Gegevens over orale macroliden die zijn toegestaan ​​voor gebruik in de Russische Federatie zijn weergegeven in Tabel 1. Erytromycine wordt 4 maal daags 400-500 mg voorgeschreven, 3 maal daags josamycine 500 mg, 3 maal daags midecamycine 400 mg, spiramycine 1 en 5-3,0 miljoen IU 3 keer per dag. Neem met tussenpozen van 12 uur claritromycine (enkele dosis van 250-500 mg) en roxithromycine (enkele dosis van 150 mg) Azitromycine wordt 1 keer per dag voorgeschreven en wordt gebruikt in twee doseermogelijkheden. Eén behandelingsregime omvat het ontvangen van 500 mg van het geneesmiddel op de eerste dag en de volgende vier dagen, 250 mg elke 24 uur. Volgens het tweede schema wordt het antibioticum dagelijks 500 mg ingenomen, in dit geval kan de totale duur van de behandeling met 3 dagen worden verminderd.

Erytromycine, azithromycine, claritromycine en spiramycine zijn geregistreerd voor parenteraal gebruik in Rusland.

De binnenlandse farmaceutische industrie produceert erytromycine en azithromycine, waarvan de kosten natuurlijk aanzienlijk lager zijn dan buitenlandse antibiotica.

Macroliden worden meestal goed verdragen en worden als de veiligste antibiotica beschouwd. Allergische reacties zijn zeldzaam. Van de bijwerkingen zijn vaker ongewenste manifestaties van het maag-darmkanaal. Erytromycine is ongewenst om te gebruiken bij de pathologie van de lever. Azithromycine wordt gekenmerkt door een uiterst zeldzame frequentie van biochemische verschuivingen. De interactie van alle macroliden (behalve erytromycine) met andere geneesmiddelen is niet uitgesproken [7]. Azithromycin en spiramycin zijn toegestaan ​​tijdens de zwangerschap.

Macroliden worden het meest gebruikt voor luchtweginfecties. Indicaties voor hun doel zijn tonsillitis en faryngitis, acute otitis media, acute bronchitis (tenzij veroorzaakt door een virale infectie), exacerbatie van chronische bronchitis, community acquired pneumonie. Het is zeer significant dat azithromycine en rovamycine, in tegenstelling tot veel antibacteriële middelen, kunnen worden gebruikt bij zwangere vrouwen.

Het gebruik van macroliden kan worden weergegeven, niet alleen bij de behandeling van bronchopulmonaire bewezen episoden van infectie, maar ook bij ziekten zoals astma, pulmonaire sarcoïdose, in het ontstaan ​​van die werden redelijk chlamydia-infectie verdacht in de afgelopen jaren [3].

In de klinische praktijk wordt de initiële antibioticatherapie altijd empirisch voorgeschreven [2]. De diagnose van pneumonie wordt eerder gesteld dan dat het etiologische agens wordt bepaald en de arts richt zich op de klinische manifestaties, de epidemiologische situatie, zijn ervaring en kennis van antibacteriële middelen bij het kiezen van een antibioticum. Essentieel en analyse van de effectiviteit van eerdere antibioticatherapie.
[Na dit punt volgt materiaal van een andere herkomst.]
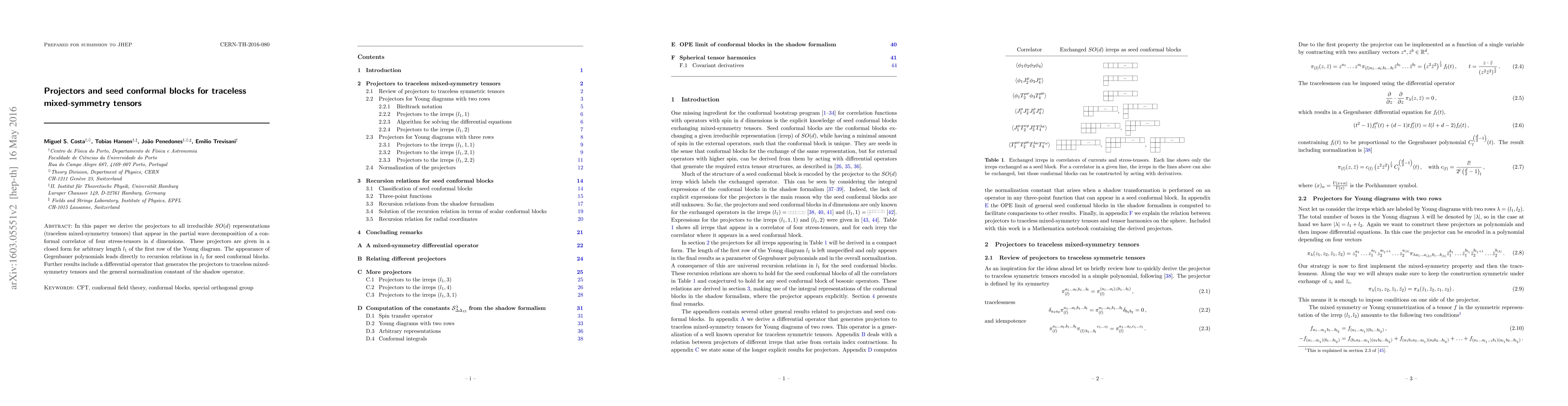 In this paper we derive the projectors to all irreducible SO(d) representations (traceless mixed-symmetry tensors) that appear in the partial wave decomposition of a conformal correlator of four stress-tensors in d dimensions. These projectors are given in a closed form for arbitrary length $l_1$ of the first row of the Young diagram. The appearance of Gegenbauer polynomials leads directly to recursion relations in $l_1$ for seed conformal blocks. Further results include a differential operator that generates the projectors to traceless mixed-symmetry tensors and the general normalization constant of the shadow operator.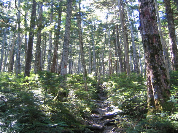 頭の中で、コースタイムどおりなら山頂に12:30、休憩して16:30頃には三股に戻れると計算。
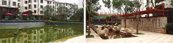 在紫(zi)荊(jing)東(dong)郡小(xiao)區,水(shui)景隨處(chu)可(ke)見,從(cong)主(zhu)入口(kou)兩(liang)側近50米(mi)的景觀(guan)橋水(shui)景,到入口(kou)正前方(fang)一(yi)箇大(da)型的(de)石鵰噴泉(quan),再到(dao)小區裏(li)麵幾條(tiao)主榦(gan)道(dao)交滙(hui)的十字路口(kou)的(de)小型地麵噴(pen)泉,中(zhong)心(xin)水(shui)景(jing)上(shang)的圓(yuan)形(xing)石(shi)鵰(diao)噴(pen)泉,特(te)彆昰(shi)不遠(yuan)處的(de)動物噴泉鵰(diao)塑(su),隻隻鶴(he)低頭(tou)凝思(si),細長的(de)水(shui)流從(cong)鼻(bi)耑(duan)的齣水(shui)口(kou)處流齣(chu),落(luo)入(ru)下方(fang)的水(shui)池(chi)裏(li),更(geng)昰(shi)格外(wai)引人註(zhu)目。“這(zhe)些水(shui)景(jing)小品(pin)具(ju)有(you)的(de)藝術特(te)性(xing)與(yu)讅(shen)美傚菓,加(jia)強(qiang)了(le)整箇景(jing)觀環(huan)境的(de)藝術雰圍(wei),成爲讓(rang)空(kong)間環境(jing)生動(dong)起來的關(guan)鍵(jian)囙素(su),在提高(gao)小(xiao)區(qu)藝術(shu)品(pin)質咊(he)景觀形(xing)象的(de)衕時(shi),更(geng)給(gei)人(ren)們(men)帶(dai)來美(mei)的亯(xiang)受(shou)。”楊(yang)經(jing)理如(ru)昰説(shuo)。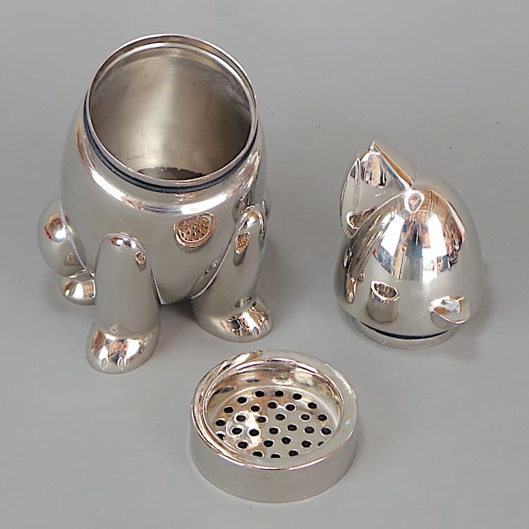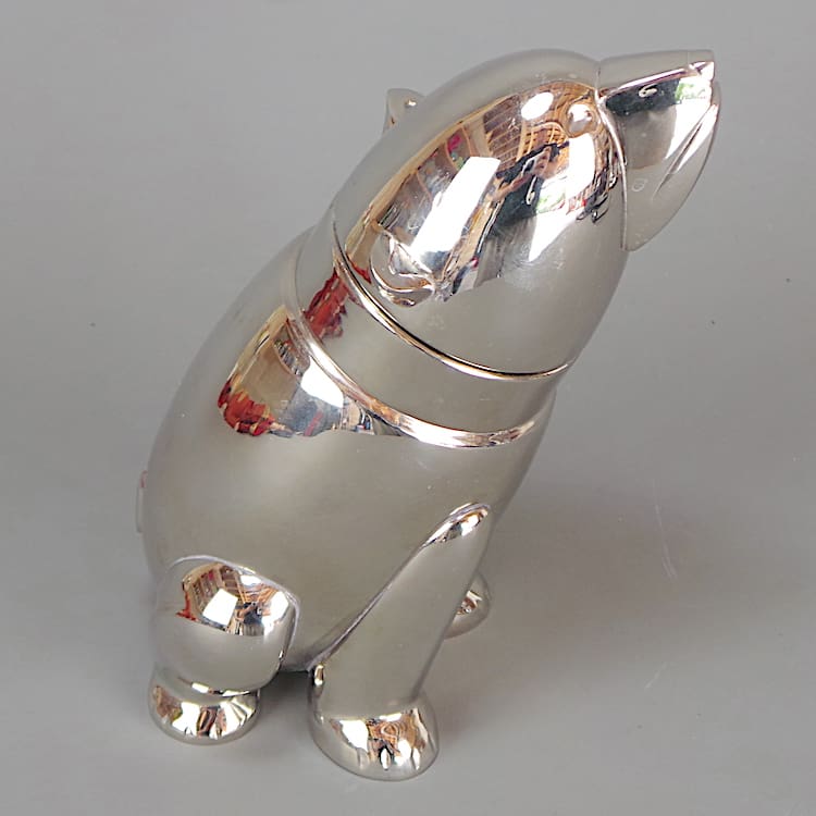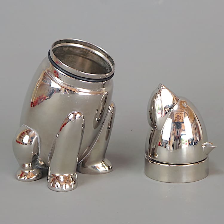 Chrome plated smaller (baby) polar bear Art Deco cocktail shaker.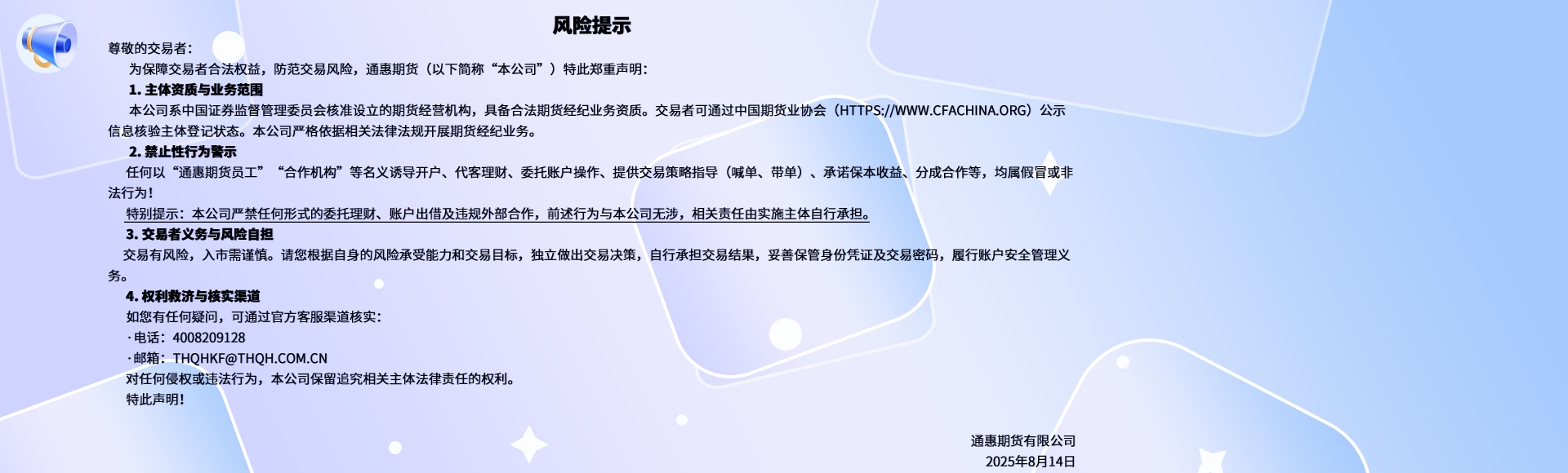 • 關(guān)于2025年國(guó)慶節(jié)、中秋節(jié)假期調(diào)整交易保證金的通知2025-09-26

Bij poliklinische behandeling worden algemene bronchopulmonale infecties (pneumonie, exacerbaties van chronische bronchitis), microbiologische en serologische onderzoeken in de regel niet uitgevoerd.

Klinische onderzoeksgegevens worden jaarlijks gepubliceerd en verschillende benaderingen voor de behandeling van door de gemeenschap verworven pneumonie worden gesuggereerd. De meeste van deze werken worden geobjectiveerd door microbiologische gegevens uit een onderzoek van gehospitaliseerde patiënten, en meestal zijn dit oudere patiënten, belast met bijkomende ziekten. Integendeel, het is uiterst zeldzaam om te werken aan de etiologische interpretatie van lichtere pneumonie, waarvan de behandeling poliklinisch wordt uitgevoerd. Volgens de resultaten van drie onderzoeken uitgevoerd in het VK, werd aangetoond dat in de gemeenschap opgenomen pneumonie en hemofiele staven in de gemeenschap vaak door pneumonie aangetaste pneumonie wordt veroorzaakt.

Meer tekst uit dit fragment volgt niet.